It’s at this point he stumbles across an ad in the local paper inviting people to join the Ku Klux Klan. And just as quickly, he picks up the phone and denigrates his own race to a voice with no clue that he’s talking to his sworn enemy. They like him. They want him to join. And they want to meet him in person. That last part proves problematic, but with the blessing of his commanding officer, Stallworth hooks up with seasoned detective Flip Zimmerman (Adam Driver) to play the face to his voice. And there we have it: a black man and a Jew infiltrate the KKK. And it all really happened. It’s tough to imagine a better director than Spike Lee to bring it to the screen.

In due time, Stallworth finds himself on the phone with the Grand Wizard of the KKK, David Duke (Topher Grace, calm and assured in his monstrosity). Duke’s aim in all of this is to make the KKK a more palatable, acceptable-to-the-mainstream sort of hate group. He’s not really a Grand Wizard – he’s the “National Director.” And he doesn’t wear white robes and pointed hats, but rather suits and ties. He shows interest in Stallworth and his local chapter, a cell of white supremacists representing an intriguing mix of the old and the new. The crazy and violent backwoods hicks who shoot minstrel caricatures for target practice and hoot and holler at a screening of “Birth of a Nation” seem at odds with the more lowkey cosmopolitan types who want to live in a world where overt white supremacy is accepted as an ideology of respectable people who don’t have to hide in the shadows.
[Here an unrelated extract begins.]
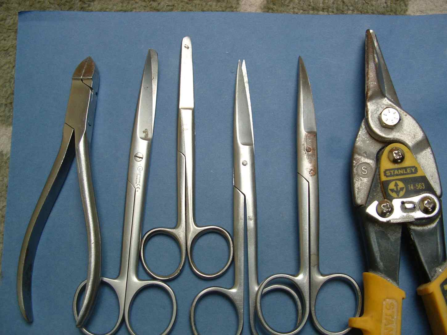 Odnośnie cięcia blaszek : do grubości 0,3mm używam nożyczek chirurgicznych takich jak na załączonym zdjęciu , powyżej 0,3mm do cięcia używam nożyc do blachy ja mam akurat firmy STANLEY choć mogą być inne nożyce te które mam mają jedną wadę gdyż zostawiają taka ząbkowaną fakturę w miejscu cięcia która trzeba spiłować , dłuższe paski blaszki np, 0,4mm tnę na gilotynie , oba sposoby maja mankament bo paski ucięte skręcają się w śmigło dlatego po cięciu kładę pasek na klocku granitowym i przeciągam Kika krotnie małym kątownikiem z obu stron celem wyprostowania.

Washington, his afro a perfect halo, is the ideal leading man for a Spike Lee joint. He’s perfectly at home amidst the heightened style as well as the serious turns that cut through and make you choke on your laughs. Driver continues to be one of the most magnetic stars working today, hesitant at first to go along with Stallworth’s scheme until he sees the true depth of malice in the group in which he needs to convince he belongs. Fans of last year’s “I, Tonya” will certainly recognize Paul Walter Hauser, who in just two films has managed to corner the market on oversized bumbling idiots who steal every scene but aren’t one-dimensional comedy sketches. He’s aces here once again.

When Washington is front and center, the movie has the swagger of the types of Blaxploitation films and characters that Stallworth discusses with Patrice as their relationship deepens. Things take on a far more sinister tone when the focus shifts to Flip in the field, walking the razor’s edge surrounded by lunatics brandishing loaded guns and discussing their hatred of Jews and blacks without knowing that they’ve been talking to a black man on the phone and inviting a man named Zimmerman into their houses. And as some of the more unstable members of the chapter plan an attack on an event attended by Patrice, the stakes ramp up quickly in the third act.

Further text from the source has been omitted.